Below, some lines carry pictures; leave those pictures out and retype exactly the lines from the one with "C’est dans la" through the one with "Modern sophistication is".

→ Excerpted data:
▶

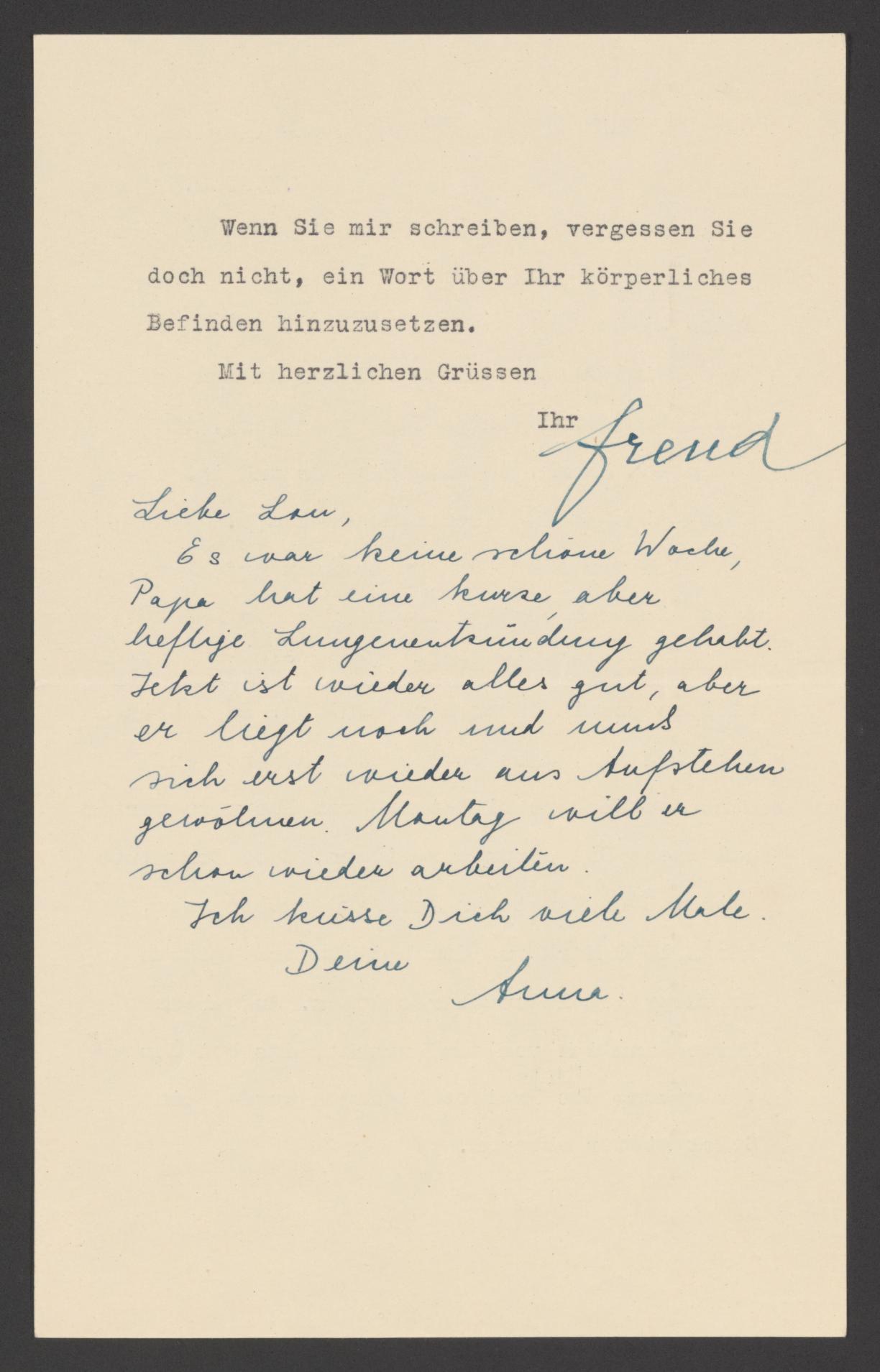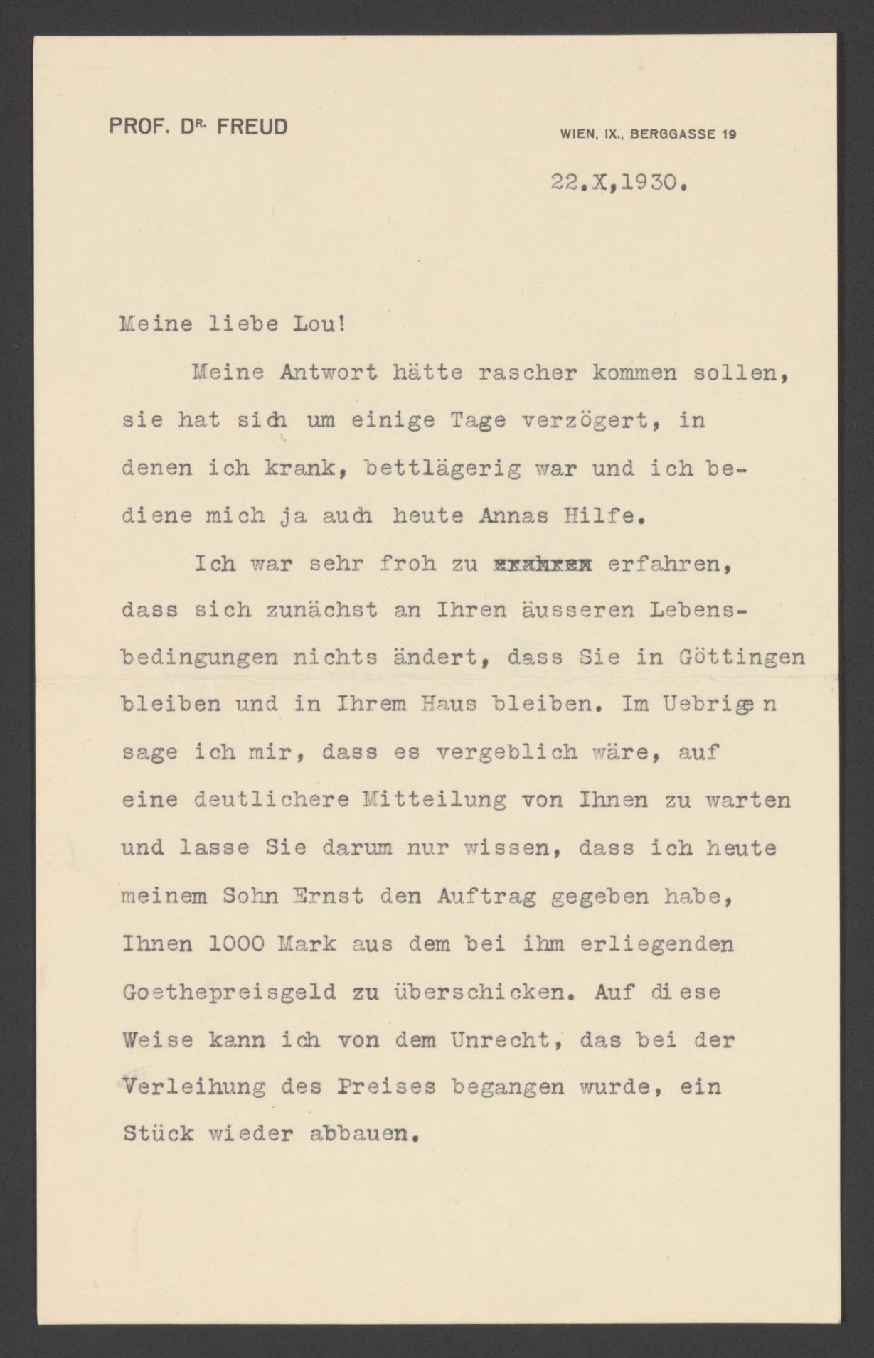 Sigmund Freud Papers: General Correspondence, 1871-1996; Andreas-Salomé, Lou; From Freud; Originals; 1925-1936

◀
▶

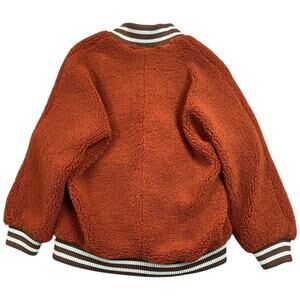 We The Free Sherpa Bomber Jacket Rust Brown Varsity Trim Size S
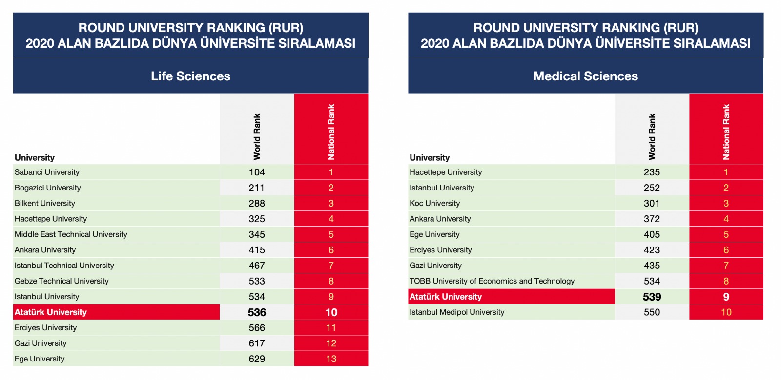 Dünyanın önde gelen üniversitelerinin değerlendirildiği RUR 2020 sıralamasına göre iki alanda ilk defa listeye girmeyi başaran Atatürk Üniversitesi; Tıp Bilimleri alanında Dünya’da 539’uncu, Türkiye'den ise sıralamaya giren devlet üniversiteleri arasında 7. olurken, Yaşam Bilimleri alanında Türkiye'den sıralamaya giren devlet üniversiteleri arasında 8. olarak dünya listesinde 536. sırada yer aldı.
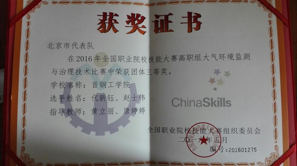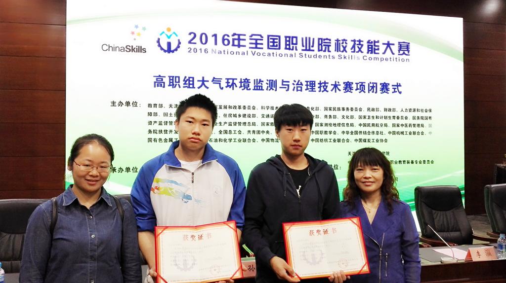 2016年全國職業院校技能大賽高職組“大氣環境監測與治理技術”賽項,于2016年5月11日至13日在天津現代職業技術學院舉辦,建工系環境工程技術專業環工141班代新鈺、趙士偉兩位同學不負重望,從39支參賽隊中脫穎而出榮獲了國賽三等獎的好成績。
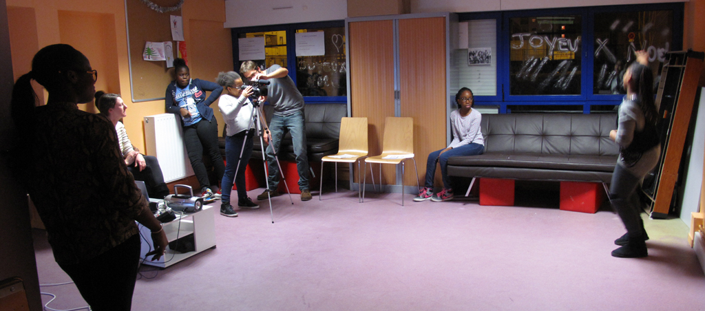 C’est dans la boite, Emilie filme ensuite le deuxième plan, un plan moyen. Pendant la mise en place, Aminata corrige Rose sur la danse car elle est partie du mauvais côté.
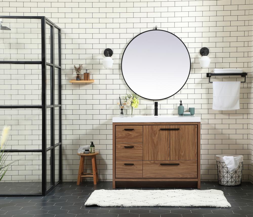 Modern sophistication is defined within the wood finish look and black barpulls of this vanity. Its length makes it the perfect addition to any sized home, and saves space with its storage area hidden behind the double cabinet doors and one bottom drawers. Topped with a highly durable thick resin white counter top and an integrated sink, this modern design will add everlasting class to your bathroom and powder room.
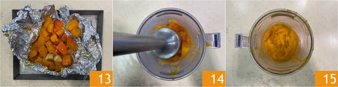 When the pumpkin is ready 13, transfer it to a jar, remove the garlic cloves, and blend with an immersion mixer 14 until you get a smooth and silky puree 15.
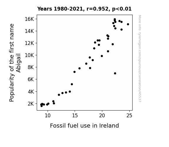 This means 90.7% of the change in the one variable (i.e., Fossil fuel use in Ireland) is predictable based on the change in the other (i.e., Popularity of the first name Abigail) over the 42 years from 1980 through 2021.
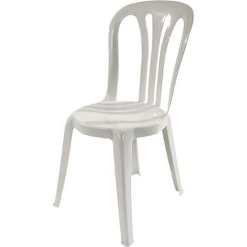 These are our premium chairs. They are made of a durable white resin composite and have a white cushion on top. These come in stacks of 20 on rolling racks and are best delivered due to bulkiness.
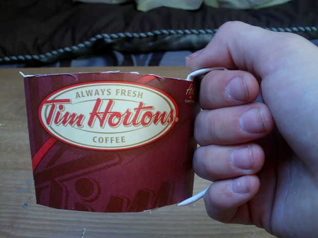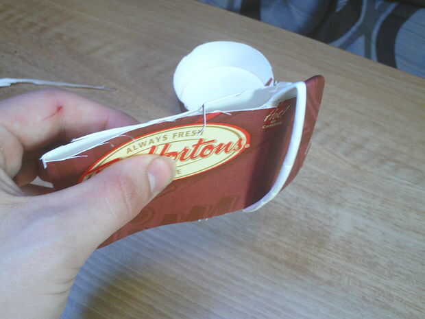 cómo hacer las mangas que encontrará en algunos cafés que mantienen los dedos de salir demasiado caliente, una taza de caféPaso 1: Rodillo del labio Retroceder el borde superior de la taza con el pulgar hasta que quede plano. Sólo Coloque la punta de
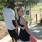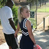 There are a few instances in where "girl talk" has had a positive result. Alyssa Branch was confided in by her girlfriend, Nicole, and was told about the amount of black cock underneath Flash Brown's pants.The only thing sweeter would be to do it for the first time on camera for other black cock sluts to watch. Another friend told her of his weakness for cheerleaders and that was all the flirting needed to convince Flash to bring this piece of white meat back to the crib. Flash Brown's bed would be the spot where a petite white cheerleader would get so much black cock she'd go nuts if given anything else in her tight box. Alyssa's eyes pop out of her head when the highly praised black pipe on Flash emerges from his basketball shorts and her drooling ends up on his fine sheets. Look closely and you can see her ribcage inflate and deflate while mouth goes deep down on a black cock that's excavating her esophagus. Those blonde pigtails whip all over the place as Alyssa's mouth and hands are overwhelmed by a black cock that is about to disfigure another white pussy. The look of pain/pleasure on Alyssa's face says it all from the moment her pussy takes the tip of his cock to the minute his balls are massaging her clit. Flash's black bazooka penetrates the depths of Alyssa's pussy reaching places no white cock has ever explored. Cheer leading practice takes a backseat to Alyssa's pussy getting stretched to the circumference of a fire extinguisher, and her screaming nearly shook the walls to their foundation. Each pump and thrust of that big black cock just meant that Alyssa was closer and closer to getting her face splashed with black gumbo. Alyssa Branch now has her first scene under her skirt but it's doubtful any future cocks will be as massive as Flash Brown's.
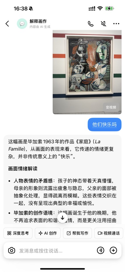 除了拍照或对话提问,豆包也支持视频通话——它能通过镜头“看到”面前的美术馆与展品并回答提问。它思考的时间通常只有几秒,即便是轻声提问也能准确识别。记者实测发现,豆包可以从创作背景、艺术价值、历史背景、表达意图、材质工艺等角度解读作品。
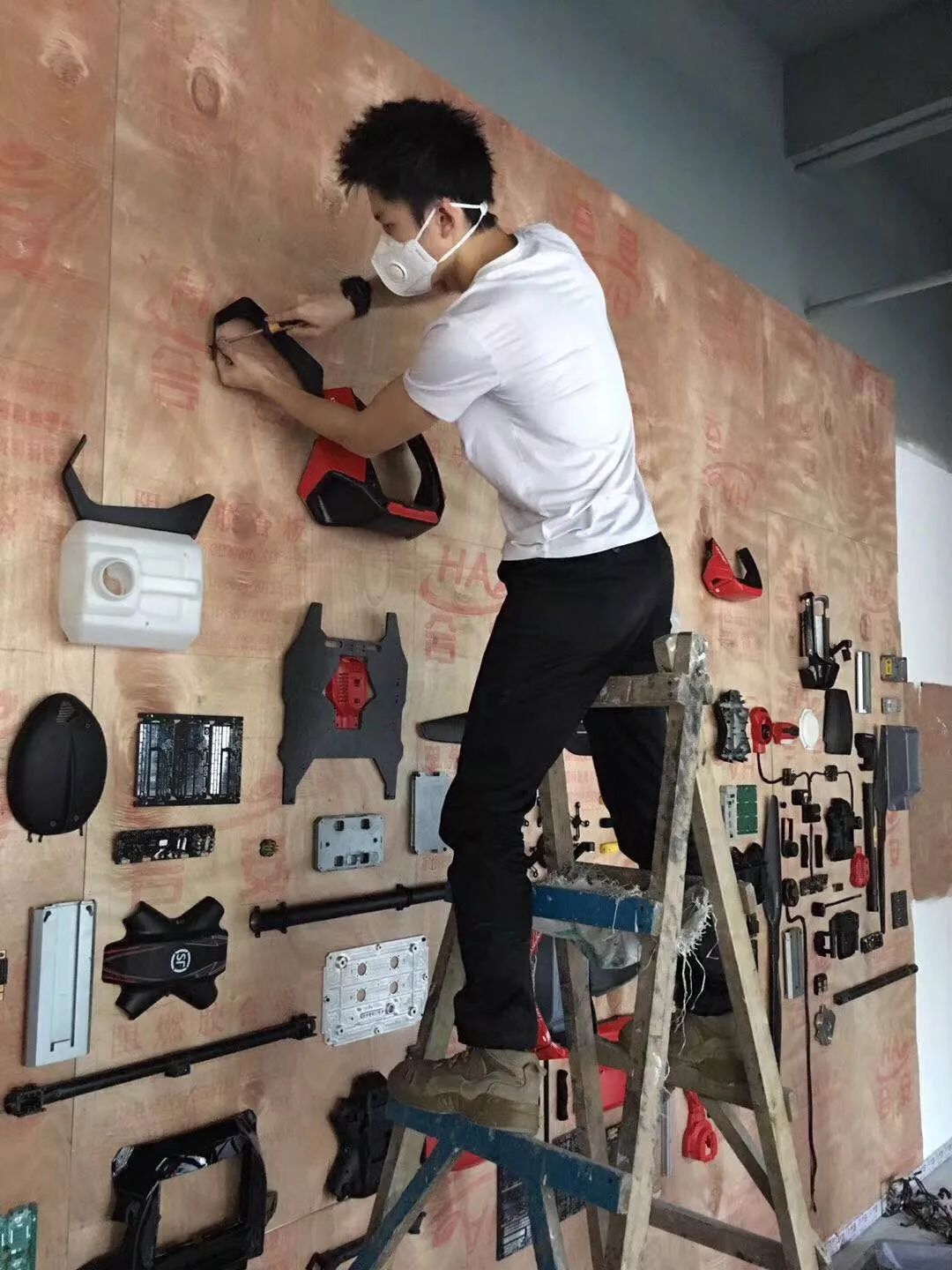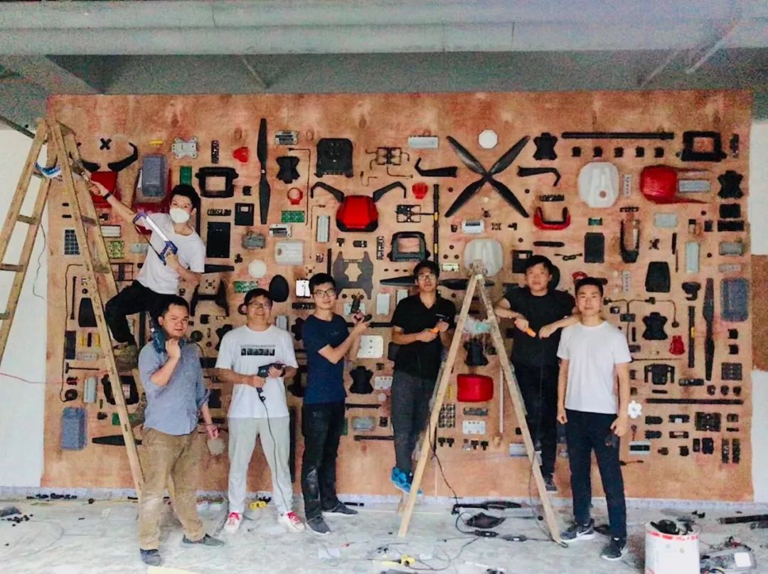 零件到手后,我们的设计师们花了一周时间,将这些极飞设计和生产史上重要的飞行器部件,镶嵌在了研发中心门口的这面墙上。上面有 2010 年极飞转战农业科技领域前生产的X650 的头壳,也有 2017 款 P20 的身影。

◀

→ Output of the exercise:
 C’est dans la boite, Emilie filme ensuite le deuxième plan, un plan moyen. Pendant la mise en place, Aminata corrige Rose sur la danse car elle est partie du mauvais côté.
 Modern sophistication is defined within the wood finish look and black barpulls of this vanity. Its length makes it the perfect addition to any sized home, and saves space with its storage area hidden behind the double cabinet doors and one bottom drawers. Topped with a highly durable thick resin white counter top and an integrated sink, this modern design will add everlasting class to your bathroom and powder room.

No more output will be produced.